Ms. Faires graduated from Decatur High School a year early and would have been an 18-year-old junior at UNT next term.

At the Wesley Foundation, on Maple Street in Denton, about 20 friends gathered Friday to remember the students. Ms. Gaston led a prayer.

“They were beacons that showed us the way, and they will be missed,” said friend Steven Mendoza.

Mr. Lee and Mr. Belsley had been roommates during the 2002-03 school year. They lived apart during the fall term, but they had planned to share a room in Clark Hall in January.

They led active collegiate lives, busy with intramural sports and other residence hall activities. Mr. Lee was treasurer of Clark’s residence hall association. Both loved UNT football, often driving to away games and painting their faces in UNT green.

Mr. Lee was a “serious, motivated student” who was starting to understand his abilities, said George Getschow, who taught him in a beginning journalism class.

“He told me early on he didn’t think much of himself as a writer,” Mr. Getschow said. “But as the course went on, his self-confidence grew.”

He worked hard in class, Mr. Getschow said, and would have been a great reporter.

“He was smitten with journalism; I was expecting great things from him,” he said.

Mr. Belsley was into computers. “He knew everything about them. He was a whiz,” said his brother Ben, 17. When Evan went off to college, he and his brother stayed close.
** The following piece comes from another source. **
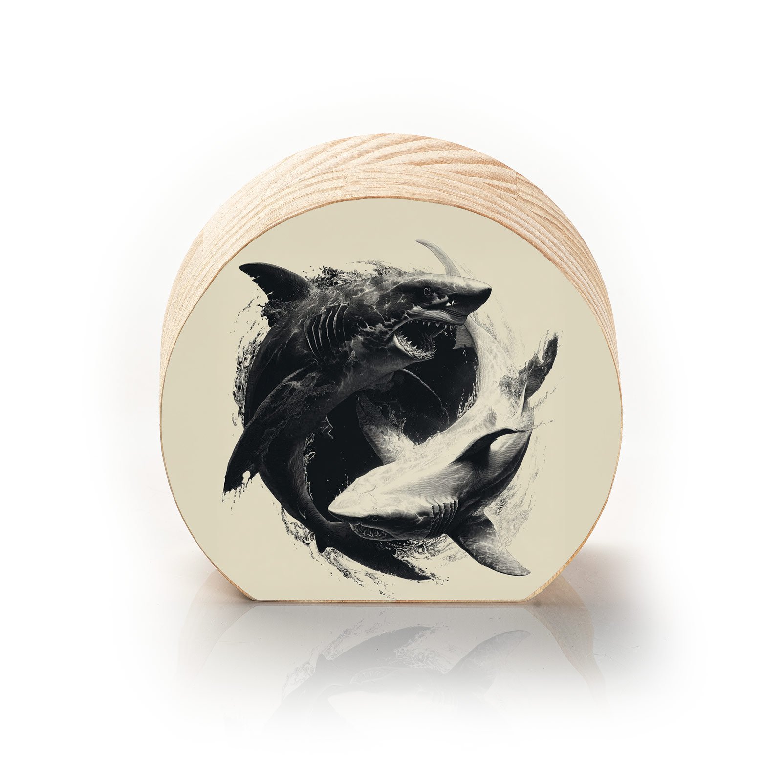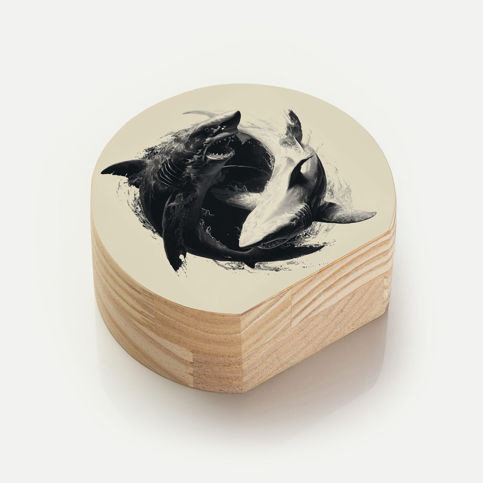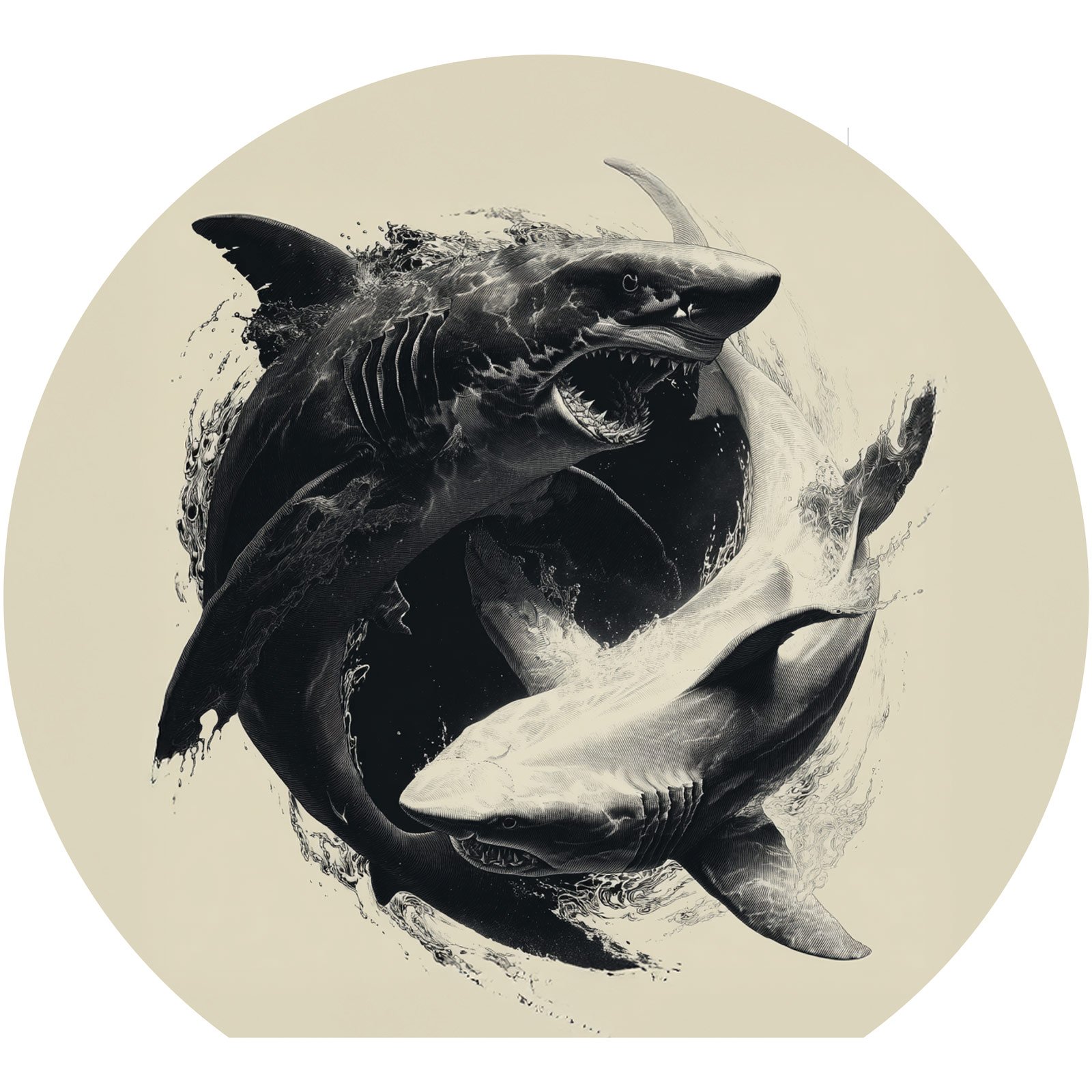 Entre contrastes intensos e formas circulares, “Força das Marés” revela o eterno duelo de poder e equilíbrio entre dois tubarões que giram como um yin-yang aquático. A obra transmite não apenas a imponência desses predadores, mas também a harmonia selvagem que governa o oceano.

“We were into the same stuff,” Ben said. “We played Internet games together. Even though he was in Denton and I am in Richardson, we talked a lot. We got closer as we got older. It’s like losing a friend and a brother.”

Faith, friends and family are helping the Belsleys cope with the loss, Ben said.

“A lot of my friends are Christian, and most of them are here,” he said. “He knew God. I know he’s in a better place.”

Memorials, counseling

Most of UNT’s students have left campus for the holiday break. Bonita Jacobs, the university’s vice president for student development, said memorials and grief counseling will be delayed until classes begin next month.

The residents of Clark Hall are a close-knit family, said resident assistant Brian Washam. Losing Ben and Evan will have an impact.

“When school starts back up, I know they’ll miss having them hanging out at the front desk to talk to or to play pool with,” Mr. Washam said. “It will be strange not having them there.”

Staff writer Tanya Eiserer contributed to this report.